MATERIAL PROVIDED START

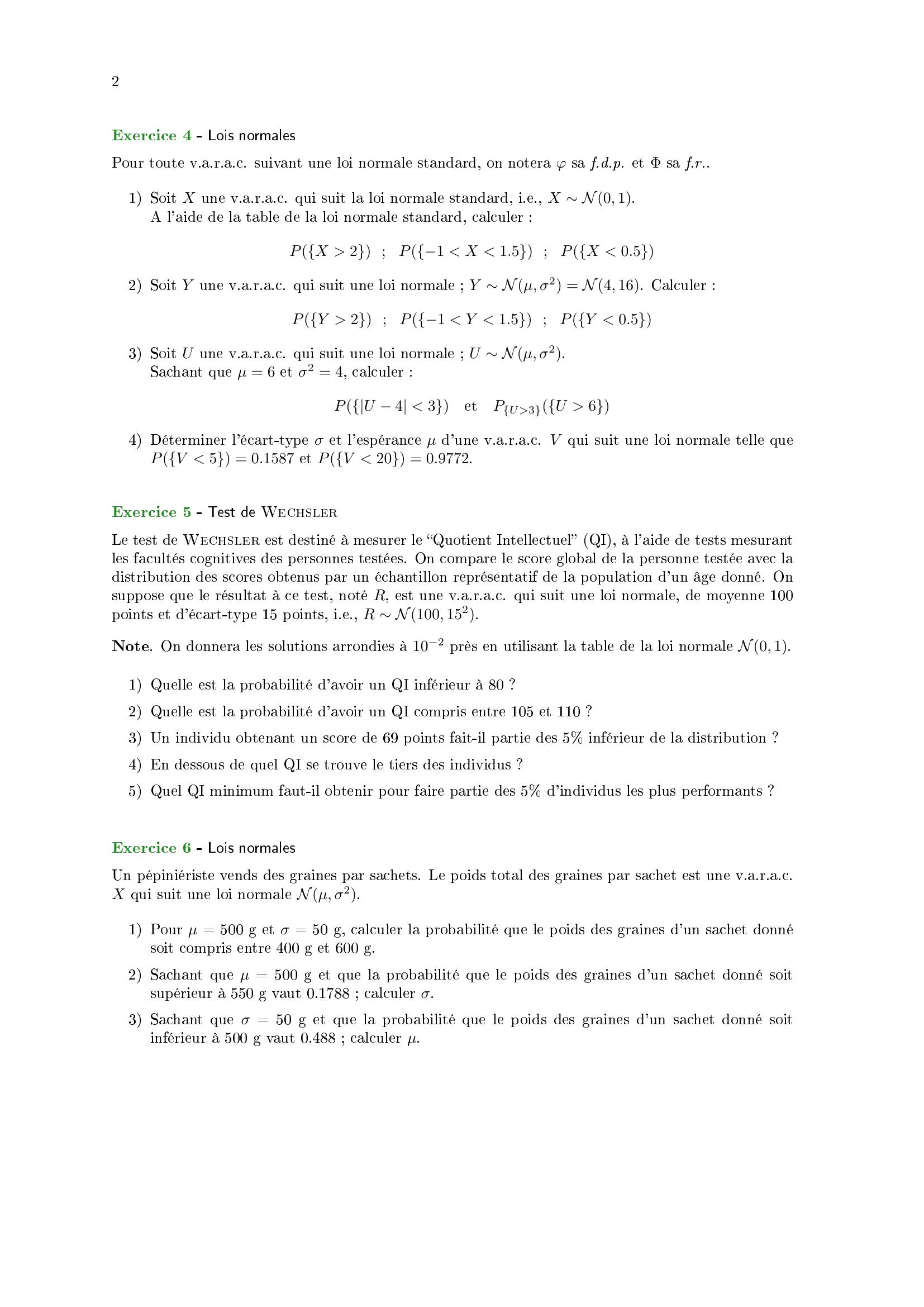 Page 2 : 2Exercice 4 - Lois normalesPour toute v.a.r.a.c. suivant une loi normale standard, on notera ϕ sa f.d.p. et Φ sa f.r..1 Soit X une v.a.r.a.c. qui suit la loi normale standard, i.e., X N0, 1.A l'aide de la table de la loi normale standard, calculer :PX 2 ;P1 X 1.5 ;PX 0.52 Soit Y une v.a.r.a.c. qui suit une loi normale ; Y Nµ, σ2 = N4, 16. Calculer :PY 2 ;P1 Y 1.5 ;PY 0.53 Soit U une v.a.r.a.c. qui suit une loi normale ; U Nµ, σ2.Sachant que µ = 6 et σ2 = 4, calculer :PU 4 3etPU3U 64 Déterminer l'écart-type σ et l'espérance µ d'une v.a.r.a.c. V qui suit une loi normale telle quePV 5 = 0.1587 et PV 20 = 0.9772.Exercice 5 - Test de WechslerLe test de Wechsler est destiné à mesurer le Quotient Intellectuel QI, à l'aide de tests mesurantles facultés cognitives des personnes testées. On compare le score global de la personne testée avec ladistribution des scores obtenus par un échantillon représentatif de la population d'un âge donné. Onsuppose que le résultat à ce test, noté R, est une v.a.r.a.c. qui suit une loi normale, de moyenne 100points et d'écart-type 15 points, i.e., R N100, 152.Note. On donnera les solutions arrondies à 102 près en utilisant la table de la loi normale N0, 1.1 Quelle est la probabilité d'avoir un QI inférieur à 80 ?2 Quelle est la probabilité d'avoir un QI compris entre 105 et 110 ?3 Un individu obtenant un score de 69 points fait-il partie des 5 inférieur de la distribution ?4 En dessous de quel QI se trouve le tiers des individus ?5 Quel QI minimum faut-il obtenir pour faire partie des 5 d'individus les plus performants ?Exercice 6 - Lois normalesUn pépiniériste vends des graines par sachets. Le poids total des graines par sachet est une v.a.r.a.c.X qui suit une loi normale Nµ, σ2.1 Pour µ = 500 g et σ = 50 g, calculer la probabilité que le poids des graines d'un sachet donnésoit compris entre 400 g et 600 g.2 Sachant que µ = 500 g et que la probabilité que le poids des graines d'un sachet donné soitsupérieur à 550 g vaut 0.1788 ; calculer σ.3 Sachant que σ = 50 g et que la probabilité que le poids des graines d'un sachet donné soitinférieur à 500 g vaut 0.488 ; calculer µ.
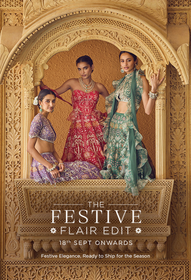 Known for graceful pre-draped sarees that redefine convenience, flowing lehengas that whisper of heritage, and chic shararas, ghararas, and anarkalis, the brand presents a curated collection of couture and demi-couture pieces designed for movement and comfort.
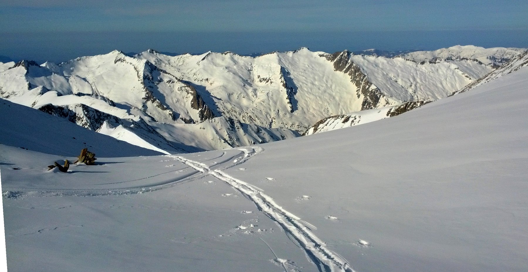 Rando à ski dans les Pyrénées, en haute Ariège au dessus de Vicdessos
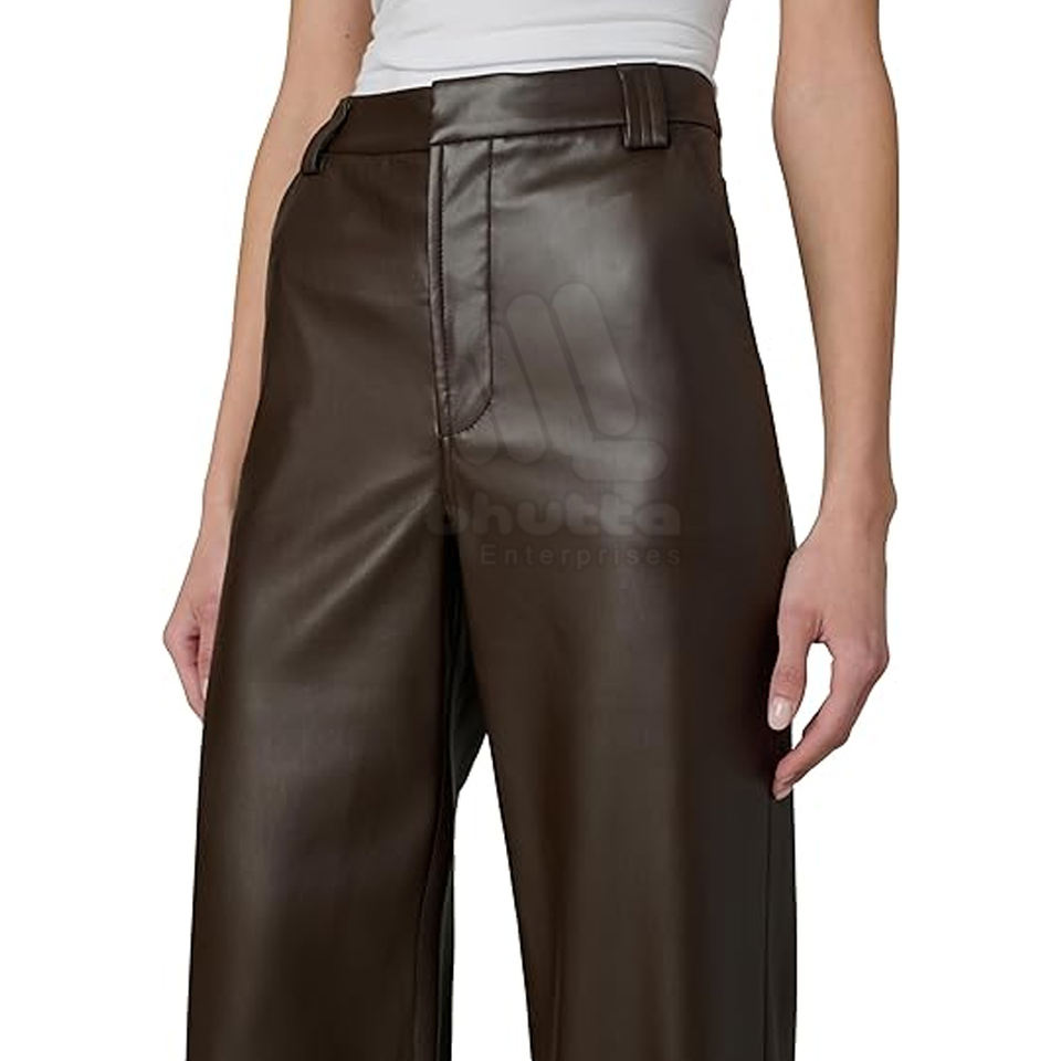 2026 Women's Winter Leather Pants High Quality Breathable Eco-Friendly High Waist Straight Leg Customizable Low MOQ

MATERIAL PROVIDED END

(GOAL OF THE EXERCISE): Return, exactly and without extra lines, everything from the line with "Known for graceful" through the last line of the material above, both included. Pictures must be dropped.

(SOLUTION TO THIS TASK):
 Known for graceful pre-draped sarees that redefine convenience, flowing lehengas that whisper of heritage, and chic shararas, ghararas, and anarkalis, the brand presents a curated collection of couture and demi-couture pieces designed for movement and comfort.
 Rando à ski dans les Pyrénées, en haute Ariège au dessus de Vicdessos
 2026 Women's Winter Leather Pants High Quality Breathable Eco-Friendly High Waist Straight Leg Customizable Low MOQ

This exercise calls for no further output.